### Requirement
From the line that contains "A framed sign" down to the last line of the listing below, reproduce each line exactly but not the pictures.
|---|
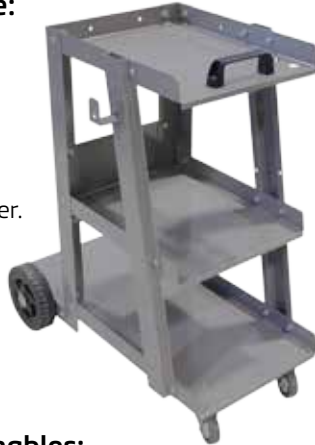
Trolley, including nitrogen tank holder.
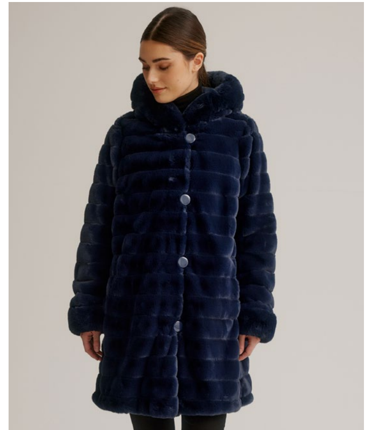
K4129R-164 COLOR: 092 DARK NAVY (REVERSE SIDE)
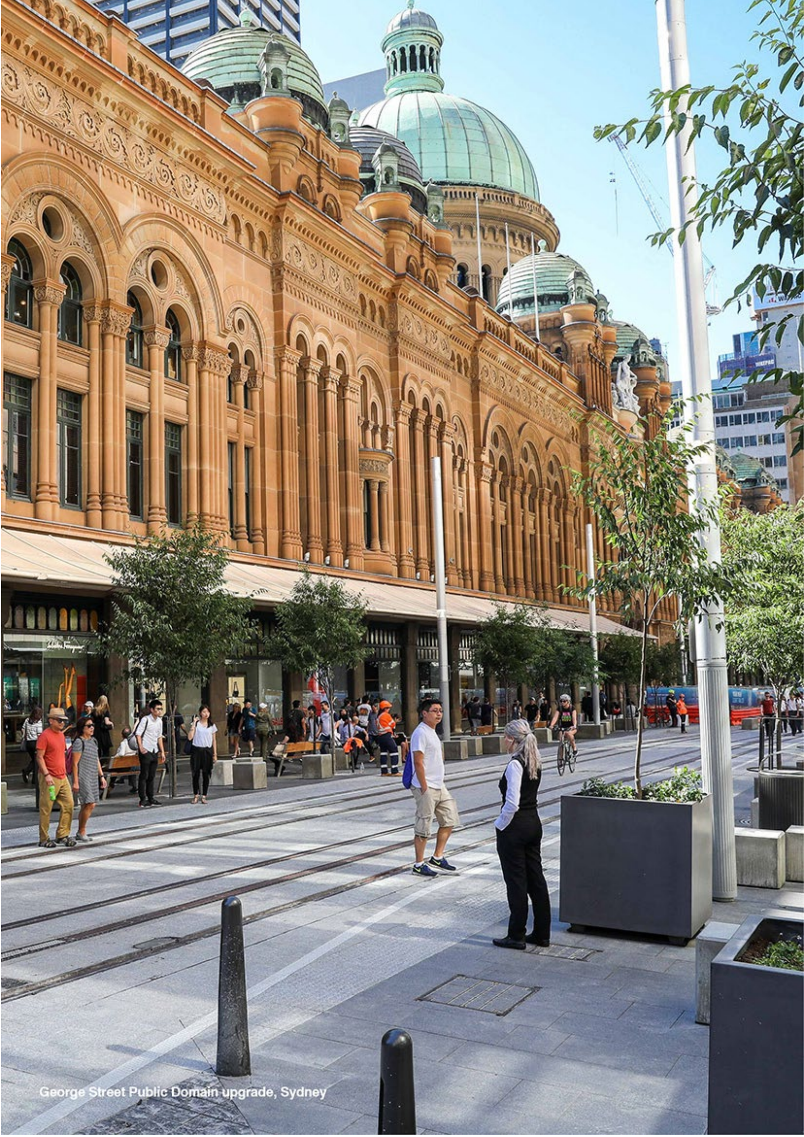
George Street Public Domain upgrade, Sydney
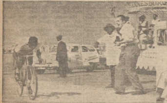
A GREAT FINISH — The winner, a member of the Hercules and Phillips Cycle Club, passes the finishing post in the outstanding time of 2 hours 43 minutes.

There were over 3,000 people to see the finish of the exciting Festival Marathon at the winning post in Moroka, Johannesburg — and thousands more watched all along the road from the start in Potchefstroom.
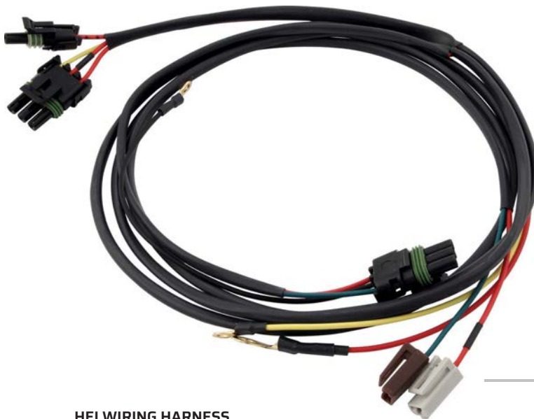
HEI WIRING HARNESS 50-2032
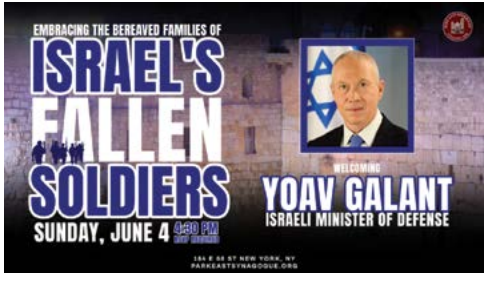
On Sunday, June 4 we welcomed Yoav Galant, Israeli Minister of Defense embracing the bereaved families.
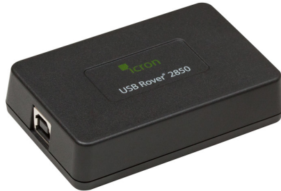
LEX (Local Extender)
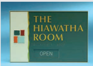
Sign framed with Aluminum Series 100 Frame

A framed sign presents a win-win scenario for both sign makers and customers. Customers save money in the long-run by using frames. Those savings off-set the higher initial price of the job. For the sign maker, frames add another source of profit and a greater likelihood of long-term customer satisfaction and follow-on business.
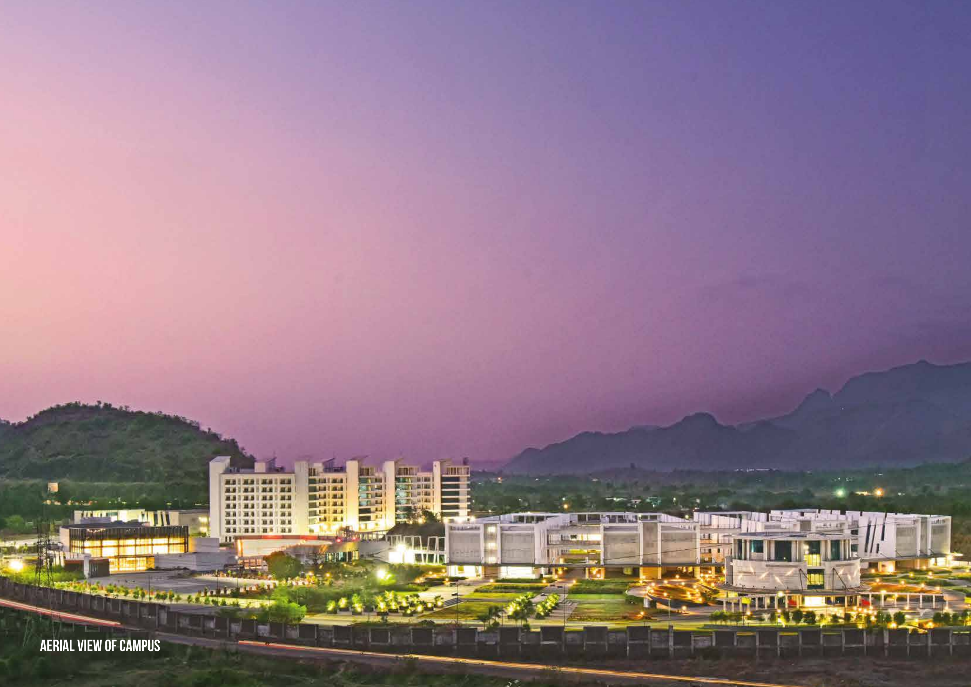
AERIAL VIEW OF CAMPUS
|---|
### Reply to the exercise
A framed sign presents a win-win scenario for both sign makers and customers. Customers save money in the long-run by using frames. Those savings off-set the higher initial price of the job. For the sign maker, frames add another source of profit and a greater likelihood of long-term customer satisfaction and follow-on business.
AERIAL VIEW OF CAMPUS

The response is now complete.